Но если фреска «Тайная вечеря» все же сохранилась, то от второй великой работы Леонардо миланского периода – гигантской конной статуи Франческо Сфорцы – не осталось ничего.
Леонардо не успел выполнить ее в металле, но после семнадцати лет раздумий, поисков, научных исследований (он составил трактат об анатомии лошади!) модель памятника гигантских размеров была создана в глине. После захвата Милана французами гасконские арбалетчики расстреливали эту модель: она была удобной мишенью. А Лодовико Моро, заключенный пожизненно в крепость, некогда могущественный государь, а теперь узник без настоящего и будущего, рисовал на стенах, в которые был заточен, очертания Леонардова коня. Единственное, может быть, что оставила ему память, что оставила ему жизнь…
Эудженио Гарен, историк и философ, в своей статье «Беспокойный век Леонардо» пишет: «Мы не ошибемся, утверждая, что сам Леонардо во многих отношениях был фигурой трагической. Он был глубоко одиноким человеком. Незаконнорожденный ребенок, он не имел семьи и не занимал должного положения в обществе. На его глазах рушился мир, духовные ценности которого исчезали под напором слепых событий».
Дальше Гарен цитирует самого Леонардо: «Мне казалось, что я учусь жить, но учился я умирать».
Леонардо вернулся в родную-неродную Флоренцию.
Незадолго до этого он подружился с семьей капитана Джероламо Мельци. Сыну капитана, Франческо Мельци, было тогда семнадцать лет. Он мечтал стать художником, поклонялся «Тайной вечере»; он уехал из Ломбардии с Леонардо во Флоренцию и остался с учителем до последних мгновений его жизни в Амбуазе.
Вазари в «Жизнеописании» писал: «Франческо Мельци, миланский дворянин, во времена Леонардо был очень красивым юношей, которого Леонардо очень любил, а в наше время он красивый и милый старик».
Я видел портрет этого старика (не помню уже чьей кисти) в художественном музее Будапешта и запомнил те
По дороге во Флоренцию Леонардо остановился в Венеции и там совершил, быть может, величайшее из открытий… не открыв его никому.
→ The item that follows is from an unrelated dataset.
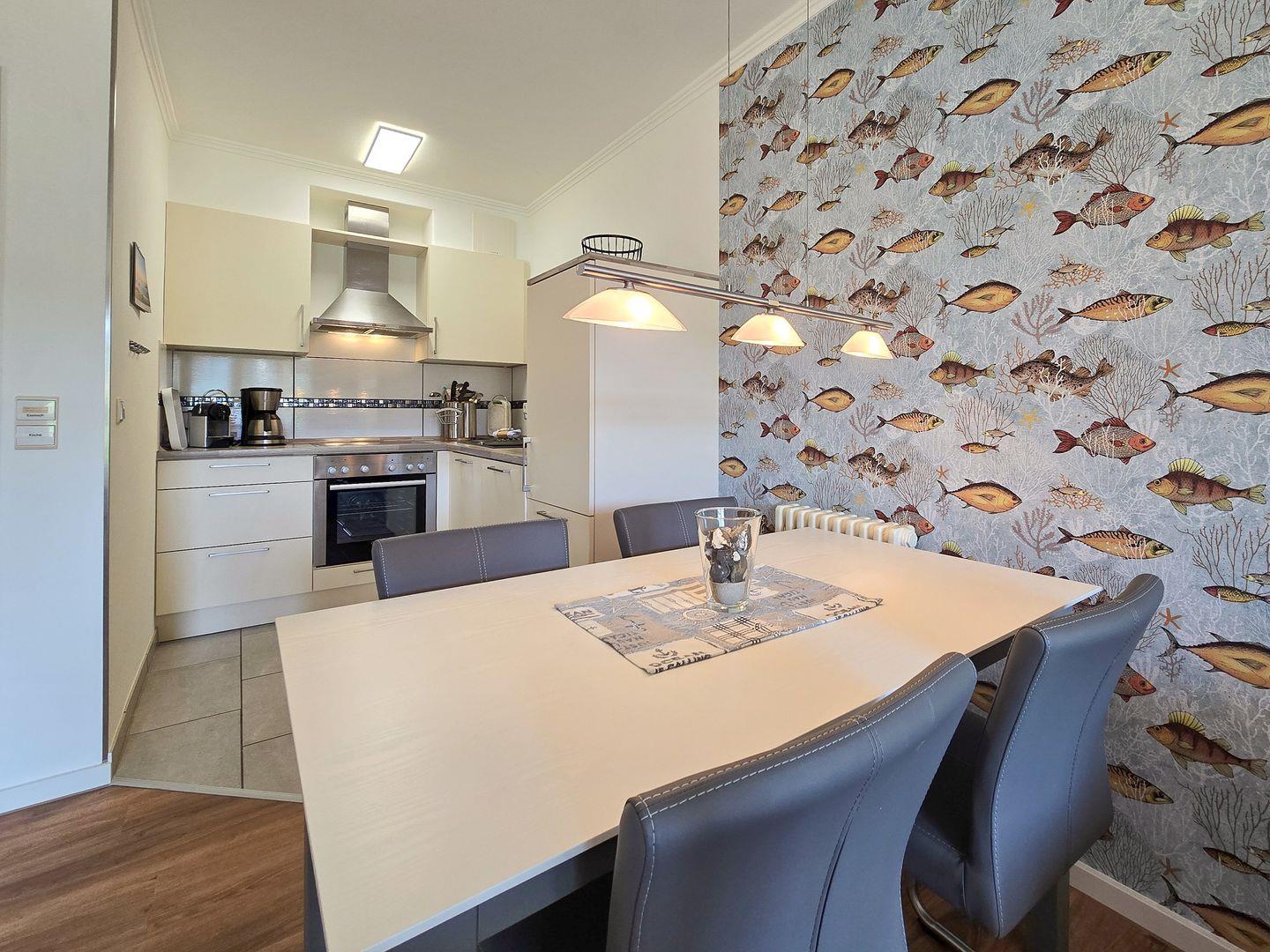 Diese komfortable Ferienwohnung bietet alles was das Herz begehrt und lädt Sie zu einem Frühstück auf Ihrer privaten Terrasse ein. Der Wohnraum verbindet ein gemütliches Wohnzimmer mit einem Essbereich und einer voll ausgestatteten Küche. Vorhanden sind ein Geschirrspüler, eine Cerankochfeld, ein Backofen, eine Mikrowelle sowie ein Wasserkocher, eine Nespresso-Kapselmaschine und ein Toaster. Das Wohnzimmer überzeugt mit einem 42 Zoll LCD-Flachbildschirm, einem DVD-Player, einer Stereo-Anlage mit Anschluss für MP3-Player oder IPod und einem ausziehbaren Schlafsofa. Im Schlafzimmer steht ein Doppelbett. Im Badezimmer erwarten Sie eine geräumige Dusche, ein Waschbecken, ein WC sowie ein großer Spiegel. Haustiere sind in dieser Wohnung herzlich willkommen.

Венеция в то время находилась в состоянии войны с турками, ожидая нападения и с суши, и с моря.
Леонардо занес в тайную записную книжку: «Никому этого не открывай… Костюм надо шить дома. Всё, что нужно под водой, – то есть костюм, закрытый наглухо… одежда водонепроницаемая… на голове маска…»
Леонардо открыл водолазный костюм…
Он оставил это открытие в тайне, боясь, что венецианцы употребят его не только для обороны от турецкого флота – и погибнут мирные, ни в чем не повинные люди. Он оставил открытие в тайне, боясь, что оно еще более усилит пиратство на море.
То, что было изобретено лишь через три века, уже обрело жизнь в мыслях, чертежах, точных расчетах и записных книжках Леонардо.
Часто пишут, что он, любя искусство и науки, находился как бы по ту сторону добра и зла, был равнодушен к моральным ценностям. Но в истории с водолазным костюмом Леонардо оказался нравственно совершеннее создателей атомной бомбы.
Из Венеции великий беглец держал путь во Флоренцию, и первый человек, которого он стал разыскивать по возвращении в родной город, был брат его первой мачехи, юной жены Пьеро да Винчи, каноник Алессандро Альбиери. Это говорит о бесконечном одиночестве Леонардо, о том, что во Флоренции у него после столь долгого отсутствия никого не осталось.
Одна из загадок – «нелюбовь» великого живописца к живописи.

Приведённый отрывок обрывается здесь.